**Data to examine:**

════

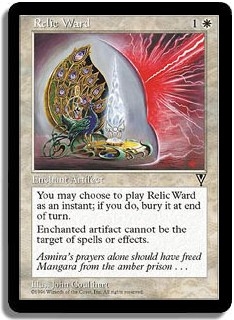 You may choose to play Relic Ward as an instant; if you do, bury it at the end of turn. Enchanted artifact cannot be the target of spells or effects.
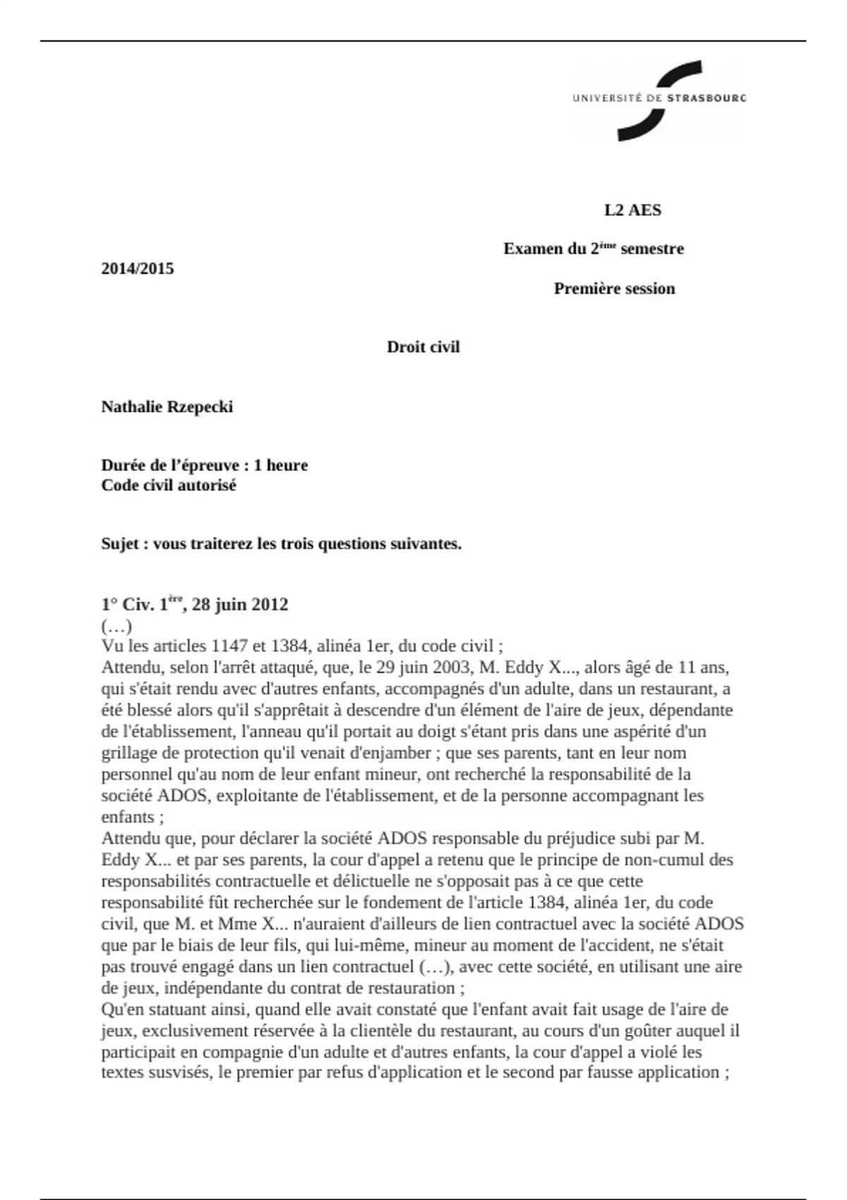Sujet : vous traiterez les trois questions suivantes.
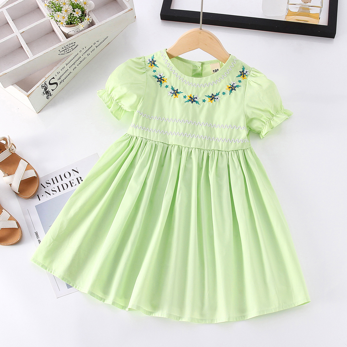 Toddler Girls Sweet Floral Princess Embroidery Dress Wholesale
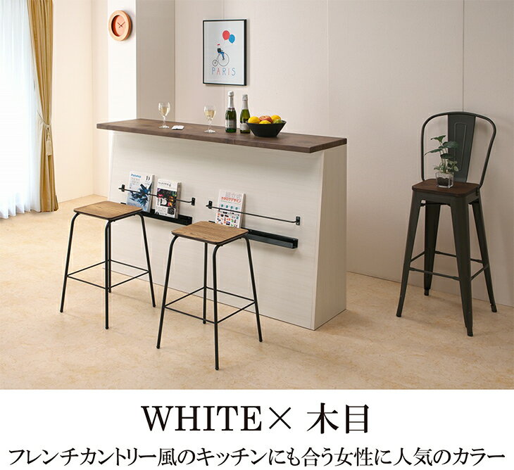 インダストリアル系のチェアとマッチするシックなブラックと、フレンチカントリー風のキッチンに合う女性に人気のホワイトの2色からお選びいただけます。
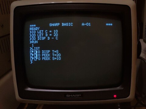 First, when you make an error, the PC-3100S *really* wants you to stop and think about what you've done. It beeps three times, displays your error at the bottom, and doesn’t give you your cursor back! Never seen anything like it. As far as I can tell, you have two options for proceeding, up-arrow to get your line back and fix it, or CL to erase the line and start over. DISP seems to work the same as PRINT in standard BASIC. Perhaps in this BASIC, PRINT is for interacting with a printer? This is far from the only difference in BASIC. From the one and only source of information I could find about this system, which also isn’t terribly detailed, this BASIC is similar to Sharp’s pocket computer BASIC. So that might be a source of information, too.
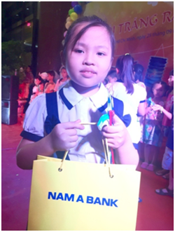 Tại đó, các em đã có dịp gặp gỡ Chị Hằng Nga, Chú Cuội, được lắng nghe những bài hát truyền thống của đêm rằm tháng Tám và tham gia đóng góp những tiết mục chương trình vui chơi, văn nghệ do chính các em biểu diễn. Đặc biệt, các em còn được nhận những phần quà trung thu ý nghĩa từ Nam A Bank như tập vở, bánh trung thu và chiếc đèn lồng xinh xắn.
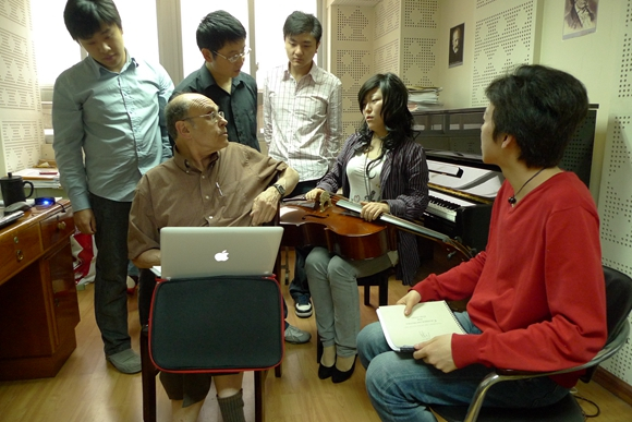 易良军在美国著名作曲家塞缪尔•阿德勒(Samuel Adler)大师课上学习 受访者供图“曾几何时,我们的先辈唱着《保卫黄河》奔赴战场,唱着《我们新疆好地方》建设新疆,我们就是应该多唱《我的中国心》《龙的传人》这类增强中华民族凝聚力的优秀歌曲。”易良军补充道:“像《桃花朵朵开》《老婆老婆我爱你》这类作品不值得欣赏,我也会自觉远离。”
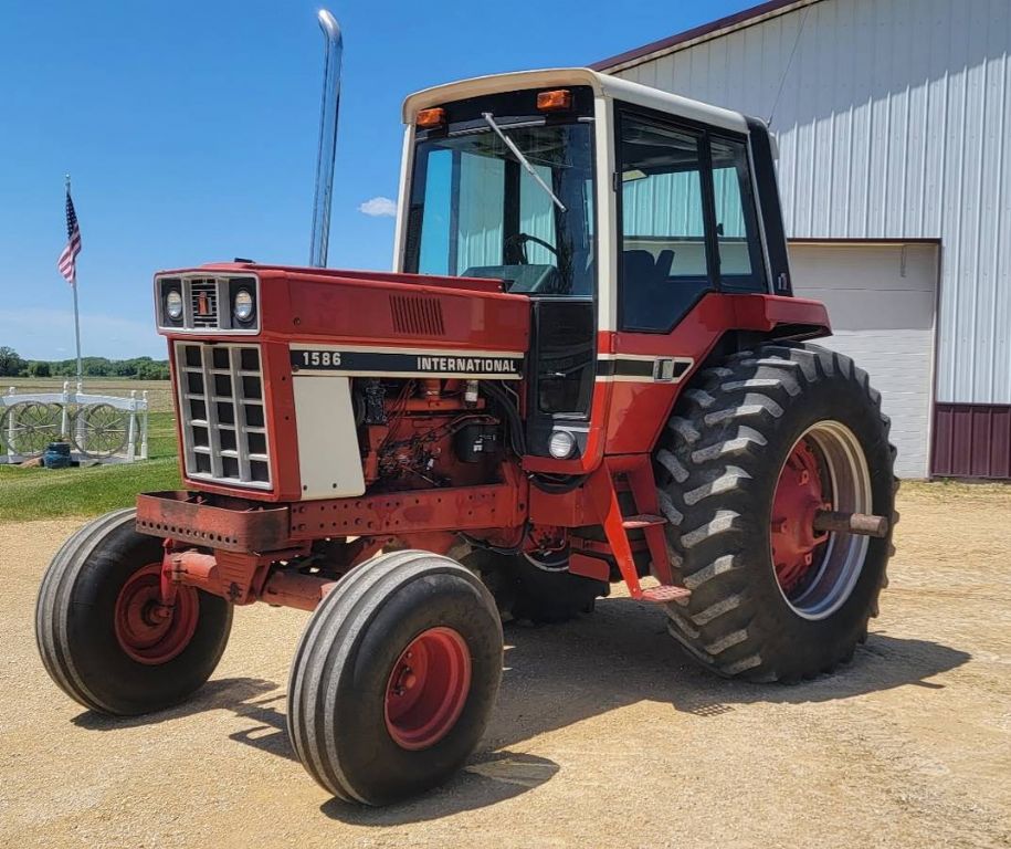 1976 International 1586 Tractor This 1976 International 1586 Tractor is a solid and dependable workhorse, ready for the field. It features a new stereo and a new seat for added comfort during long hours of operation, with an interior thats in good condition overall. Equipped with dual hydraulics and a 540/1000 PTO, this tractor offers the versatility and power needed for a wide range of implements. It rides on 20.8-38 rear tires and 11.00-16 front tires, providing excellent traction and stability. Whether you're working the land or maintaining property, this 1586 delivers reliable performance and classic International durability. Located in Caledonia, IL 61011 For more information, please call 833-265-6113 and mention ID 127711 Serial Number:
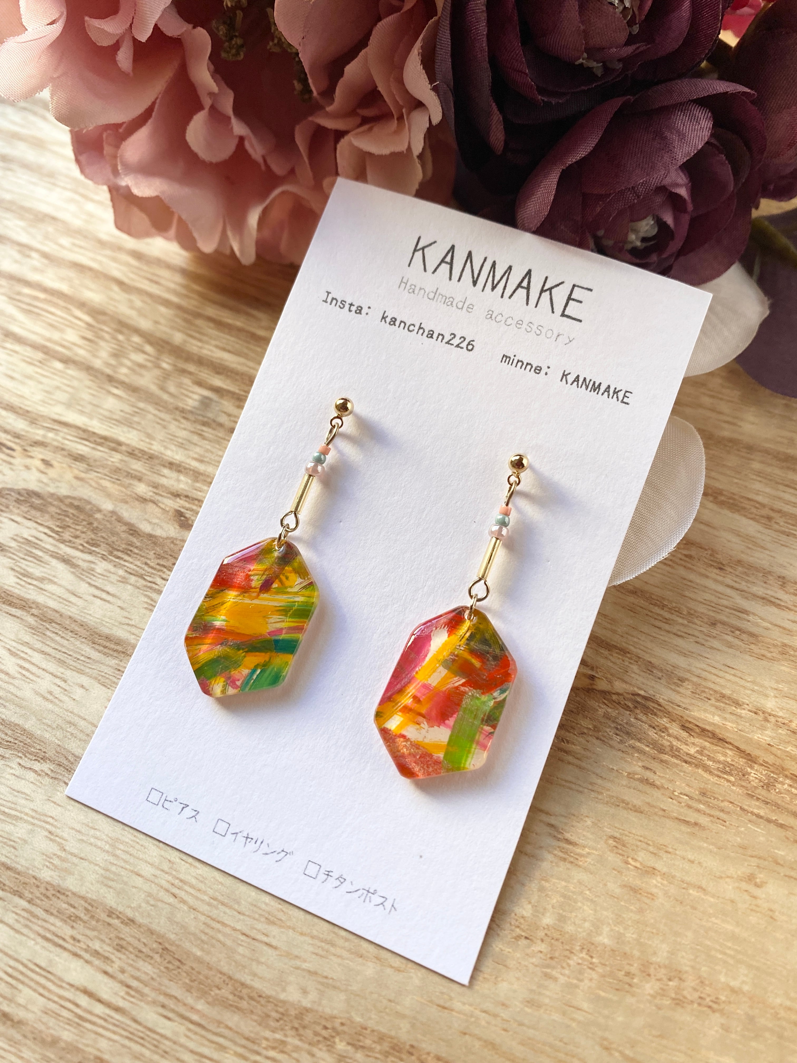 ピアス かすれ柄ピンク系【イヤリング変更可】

════

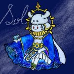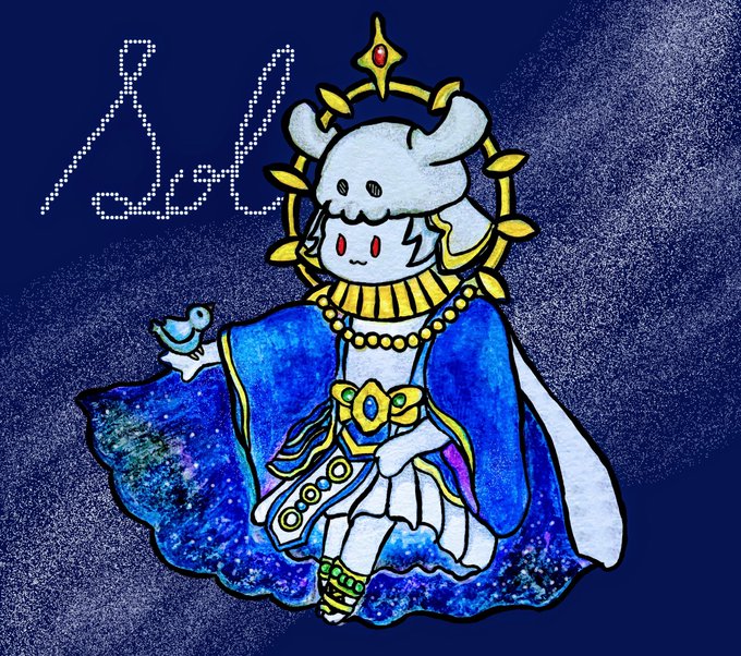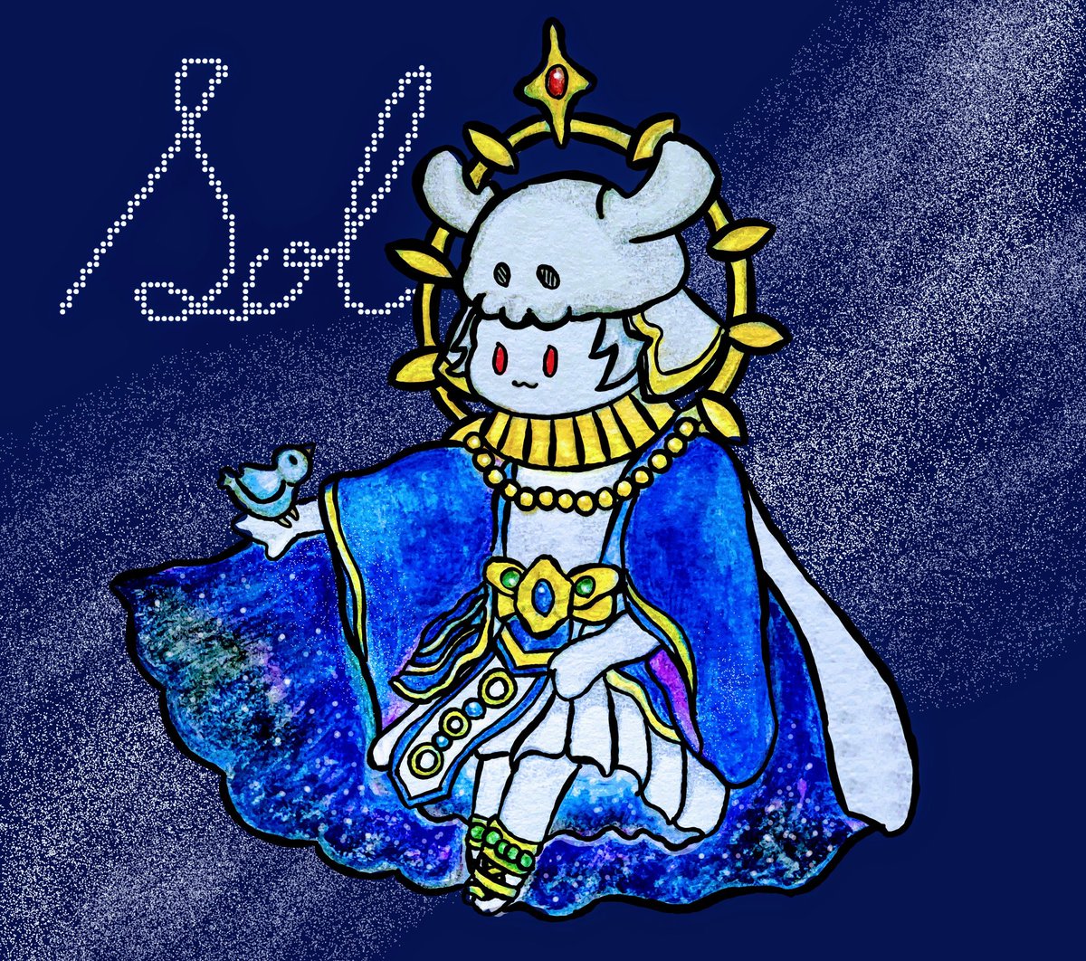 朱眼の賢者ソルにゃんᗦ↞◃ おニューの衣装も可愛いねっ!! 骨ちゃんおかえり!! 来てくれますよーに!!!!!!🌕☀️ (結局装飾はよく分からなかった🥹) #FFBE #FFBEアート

════

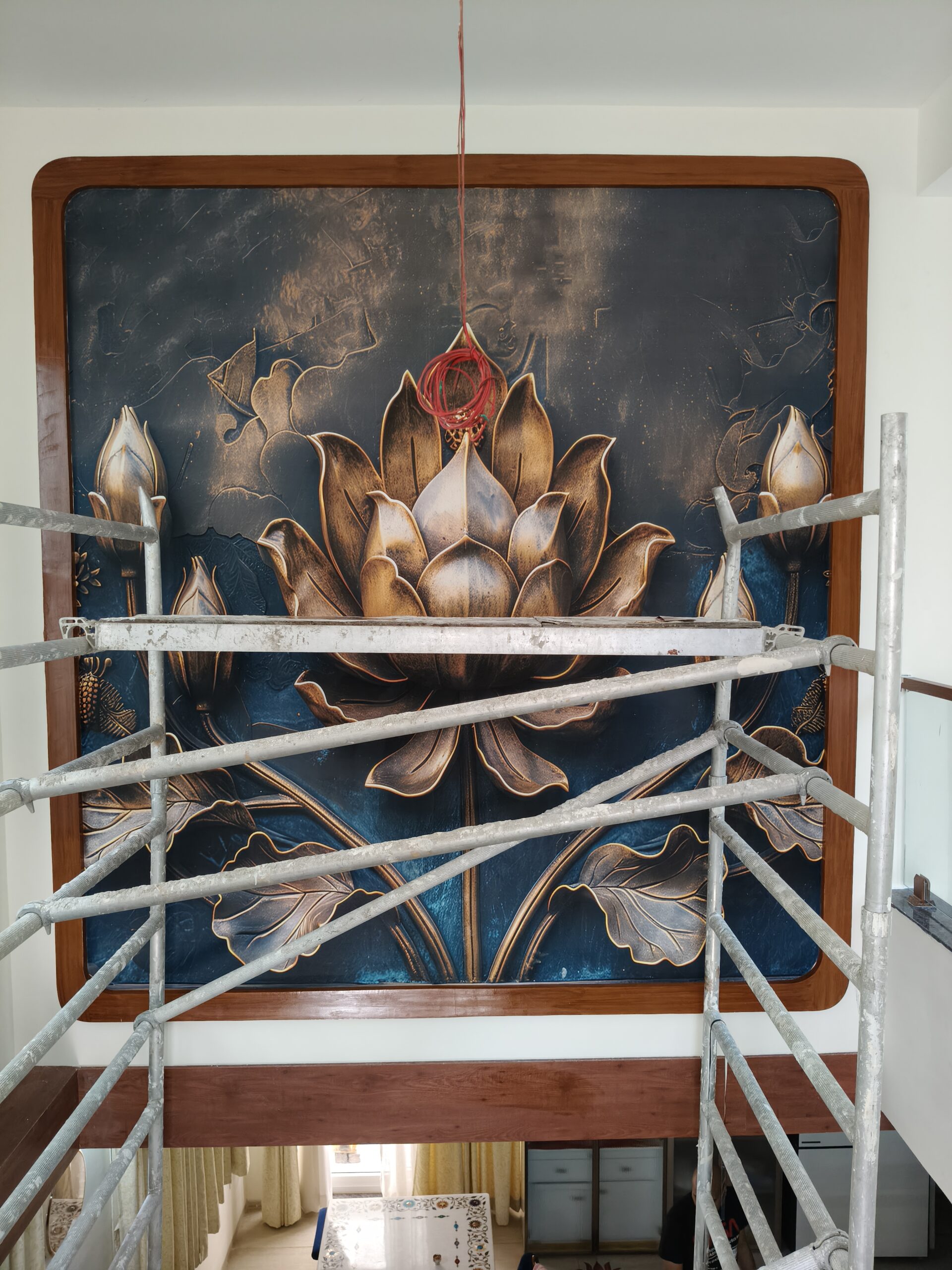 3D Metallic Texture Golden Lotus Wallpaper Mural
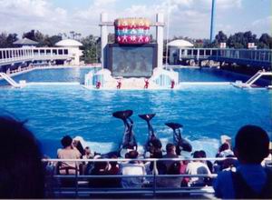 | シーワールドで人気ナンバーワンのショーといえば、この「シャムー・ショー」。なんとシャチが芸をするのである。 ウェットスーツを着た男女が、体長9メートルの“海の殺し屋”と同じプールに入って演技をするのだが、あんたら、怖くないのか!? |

════

**Exercise directions:**
What you return from the records above should be exactly everything from the line with "You may choose" down to the line with "インダストリアル系のチェアと", both kept, and no pictures.

**Answer for the task:**
 You may choose to play Relic Ward as an instant; if you do, bury it at the end of turn. Enchanted artifact cannot be the target of spells or effects.
Sujet : vous traiterez les trois questions suivantes.
 Toddler Girls Sweet Floral Princess Embroidery Dress Wholesale
 インダストリアル系のチェアとマッチするシックなブラックと、フレンチカントリー風のキッチンに合う女性に人気のホワイトの2色からお選びいただけます。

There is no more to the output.